## Listed records
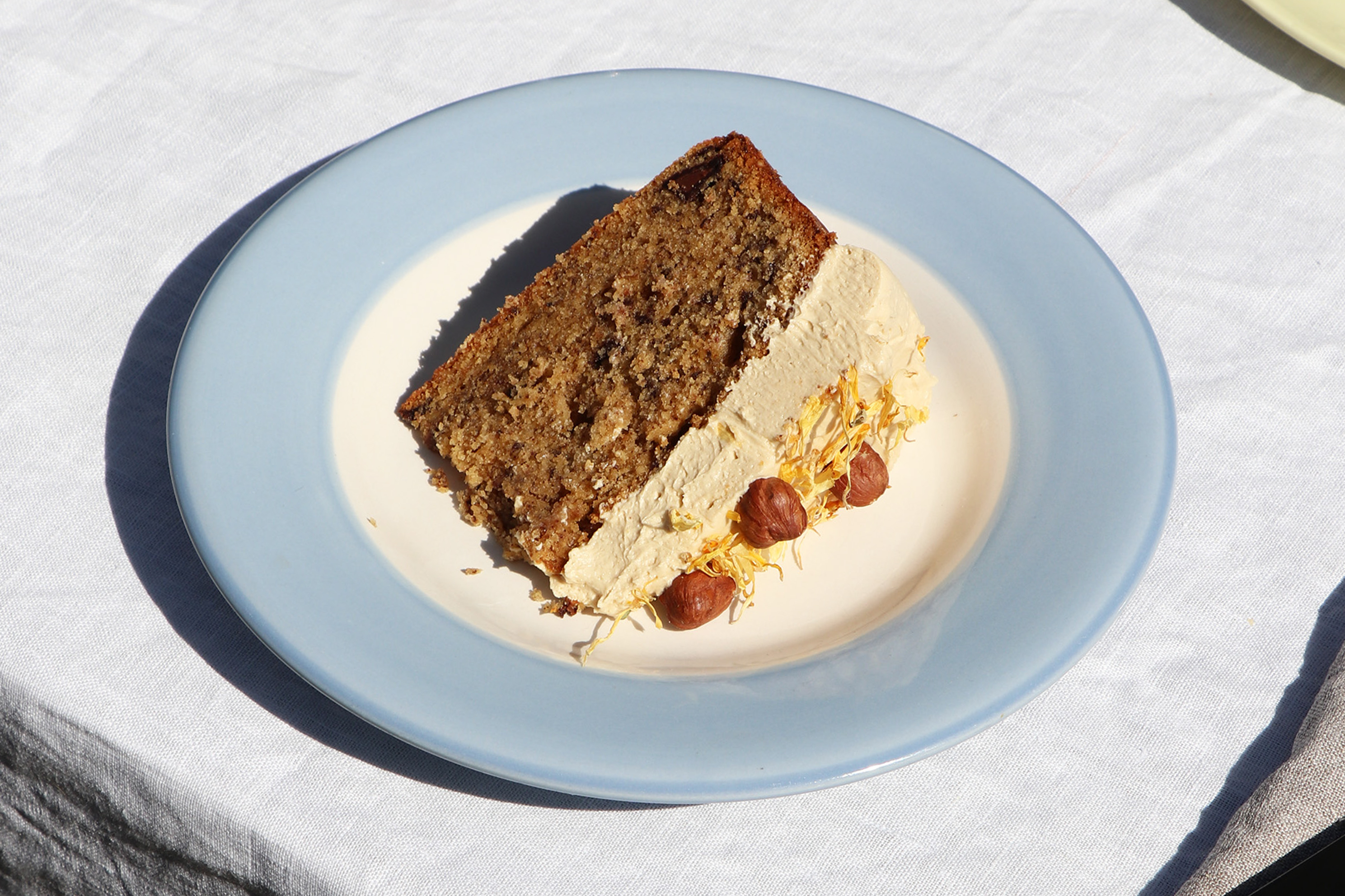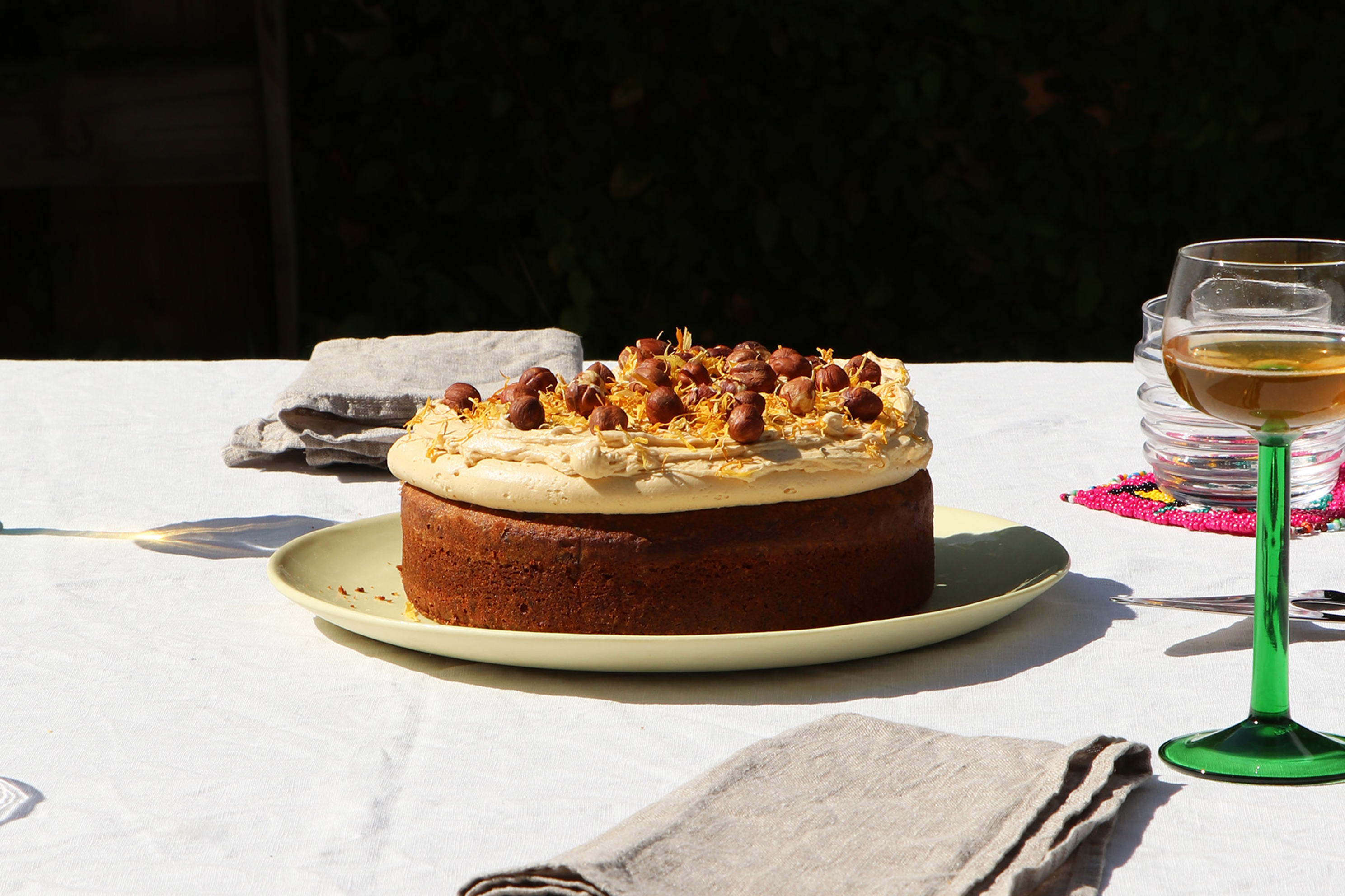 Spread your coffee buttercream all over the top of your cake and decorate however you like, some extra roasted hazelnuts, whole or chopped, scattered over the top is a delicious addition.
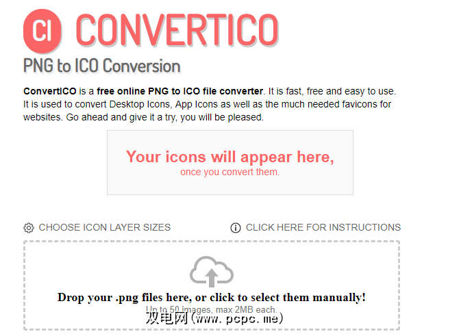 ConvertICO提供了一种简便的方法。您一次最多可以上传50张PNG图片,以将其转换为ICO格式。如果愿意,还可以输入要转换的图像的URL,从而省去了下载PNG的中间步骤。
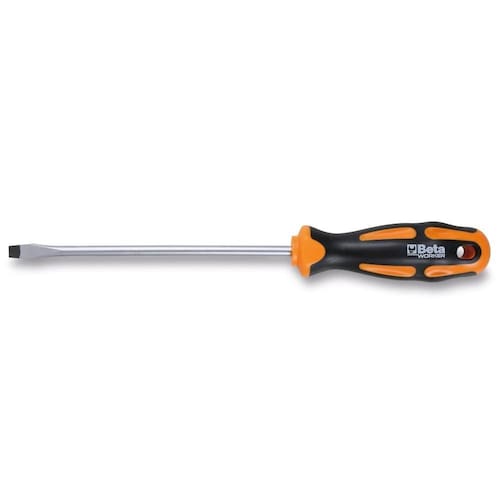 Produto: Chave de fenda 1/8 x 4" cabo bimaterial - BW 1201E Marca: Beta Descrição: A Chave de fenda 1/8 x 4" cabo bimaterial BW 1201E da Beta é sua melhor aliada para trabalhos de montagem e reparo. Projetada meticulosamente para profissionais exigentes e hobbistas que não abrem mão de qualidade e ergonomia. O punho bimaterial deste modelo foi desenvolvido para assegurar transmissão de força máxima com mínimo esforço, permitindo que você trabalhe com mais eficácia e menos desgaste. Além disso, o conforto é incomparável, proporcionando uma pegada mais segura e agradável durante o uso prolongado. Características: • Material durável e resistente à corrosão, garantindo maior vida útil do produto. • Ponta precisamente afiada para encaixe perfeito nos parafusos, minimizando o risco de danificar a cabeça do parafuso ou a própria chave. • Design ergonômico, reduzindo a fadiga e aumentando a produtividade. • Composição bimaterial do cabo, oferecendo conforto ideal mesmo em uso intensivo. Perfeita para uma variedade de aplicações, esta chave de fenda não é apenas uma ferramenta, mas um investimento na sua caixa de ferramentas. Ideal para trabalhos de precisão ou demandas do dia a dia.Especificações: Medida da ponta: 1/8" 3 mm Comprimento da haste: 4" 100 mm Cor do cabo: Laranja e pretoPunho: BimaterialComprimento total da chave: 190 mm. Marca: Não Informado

--

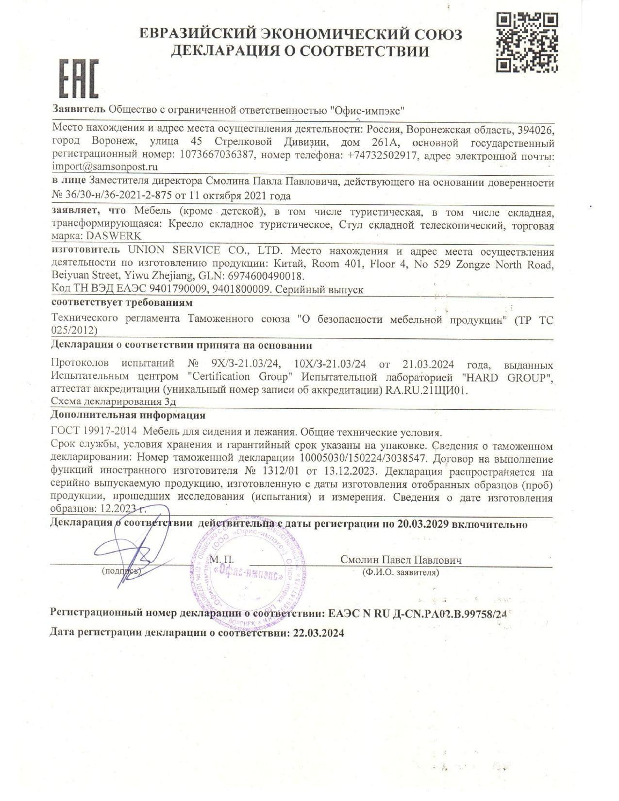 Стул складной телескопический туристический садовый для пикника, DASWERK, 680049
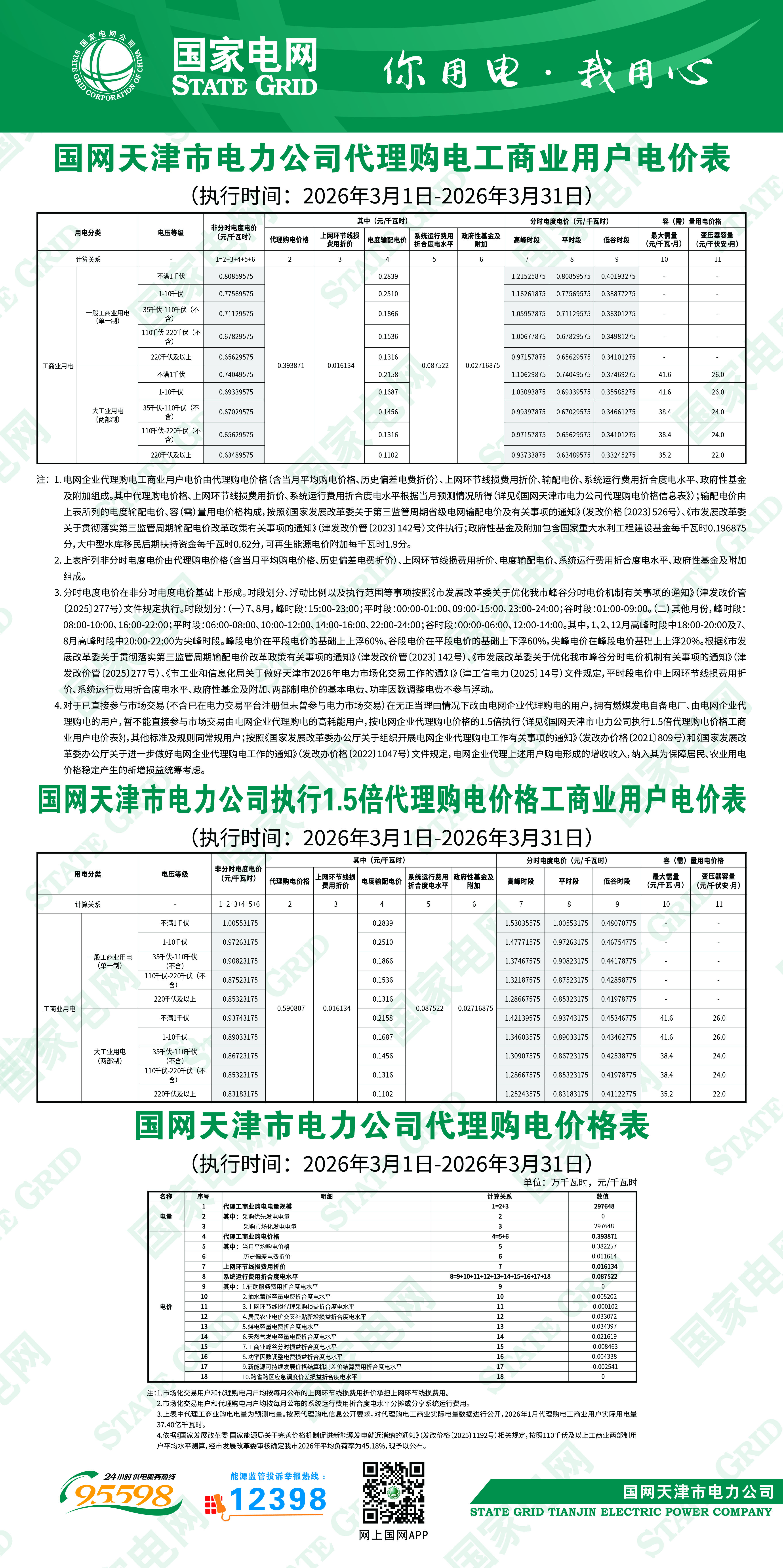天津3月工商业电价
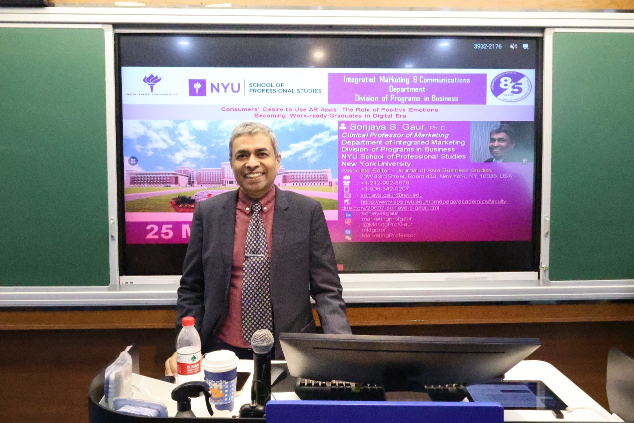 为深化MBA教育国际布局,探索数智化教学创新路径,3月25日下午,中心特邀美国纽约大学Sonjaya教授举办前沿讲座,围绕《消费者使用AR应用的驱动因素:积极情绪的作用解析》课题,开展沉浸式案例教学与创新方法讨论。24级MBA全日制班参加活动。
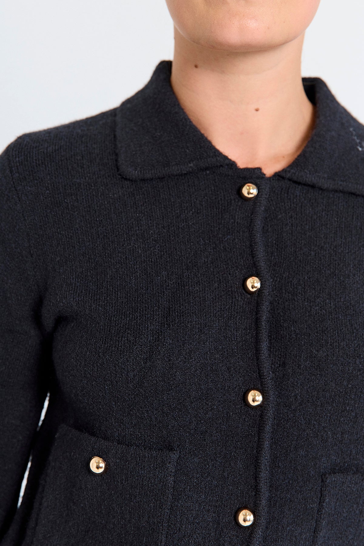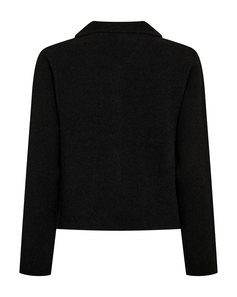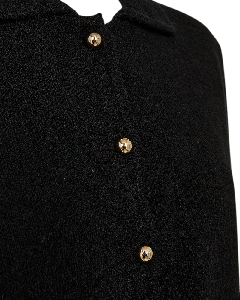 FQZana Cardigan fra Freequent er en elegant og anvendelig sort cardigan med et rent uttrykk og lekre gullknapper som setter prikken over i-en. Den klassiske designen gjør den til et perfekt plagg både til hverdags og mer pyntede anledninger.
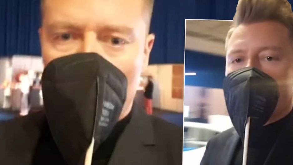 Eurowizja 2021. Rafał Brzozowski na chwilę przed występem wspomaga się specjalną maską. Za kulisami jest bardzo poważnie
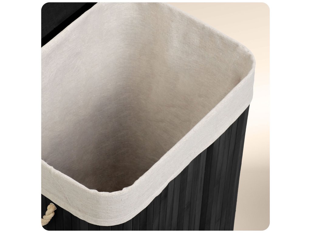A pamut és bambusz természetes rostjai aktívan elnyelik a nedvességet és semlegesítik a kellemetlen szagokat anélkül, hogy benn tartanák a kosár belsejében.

---

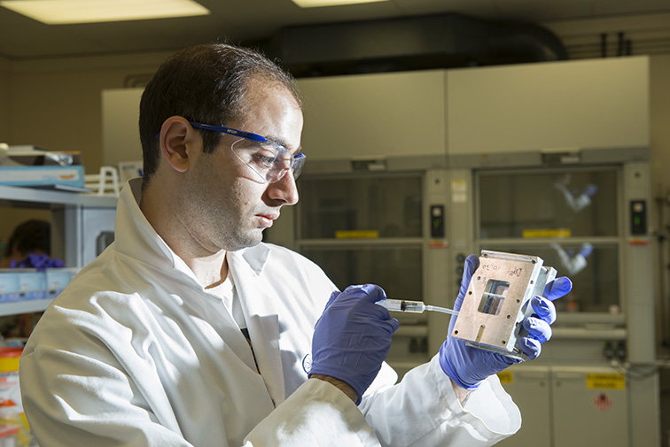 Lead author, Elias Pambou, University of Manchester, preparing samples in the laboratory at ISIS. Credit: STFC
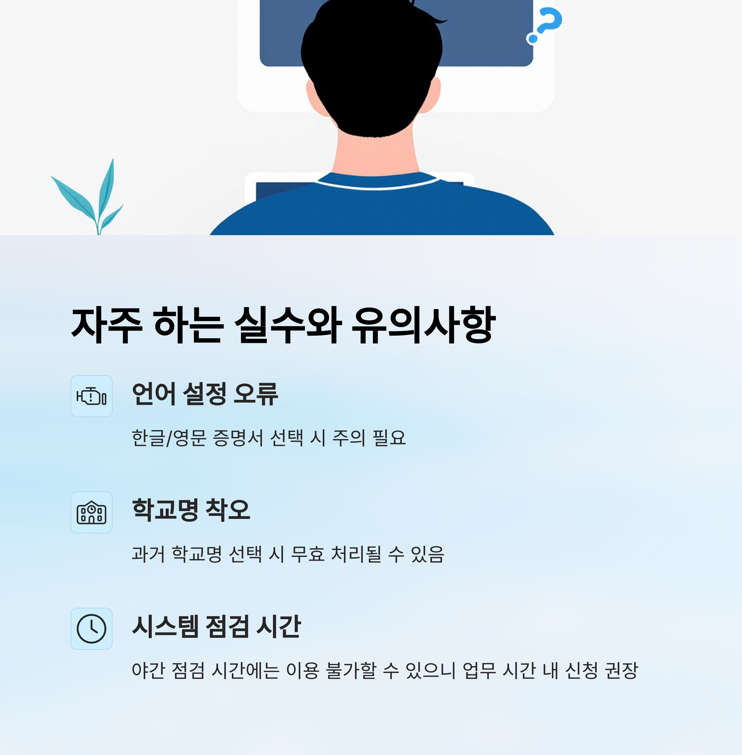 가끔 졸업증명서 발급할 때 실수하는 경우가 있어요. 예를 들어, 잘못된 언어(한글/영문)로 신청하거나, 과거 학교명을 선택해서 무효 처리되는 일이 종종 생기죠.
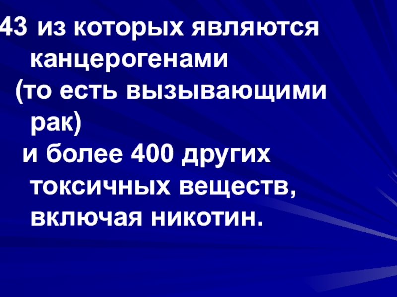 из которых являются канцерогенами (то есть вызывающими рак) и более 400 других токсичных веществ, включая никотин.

## Exercise
Please copy out from the data above, without any picture, exactly the lines running from the one that holds "为深化MBA教育国际布局,探" through the one that holds "A pamut és bambusz", and nothing beyond them.

## Answer
 为深化MBA教育国际布局,探索数智化教学创新路径,3月25日下午,中心特邀美国纽约大学Sonjaya教授举办前沿讲座,围绕《消费者使用AR应用的驱动因素:积极情绪的作用解析》课题,开展沉浸式案例教学与创新方法讨论。24级MBA全日制班参加活动。
 FQZana Cardigan fra Freequent er en elegant og anvendelig sort cardigan med et rent uttrykk og lekre gullknapper som setter prikken over i-en. Den klassiske designen gjør den til et perfekt plagg både til hverdags og mer pyntede anledninger.
 Eurowizja 2021. Rafał Brzozowski na chwilę przed występem wspomaga się specjalną maską. Za kulisami jest bardzo poważnie
A pamut és bambusz természetes rostjai aktívan elnyelik a nedvességet és semlegesítik a kellemetlen szagokat anélkül, hogy benn tartanák a kosár belsejében.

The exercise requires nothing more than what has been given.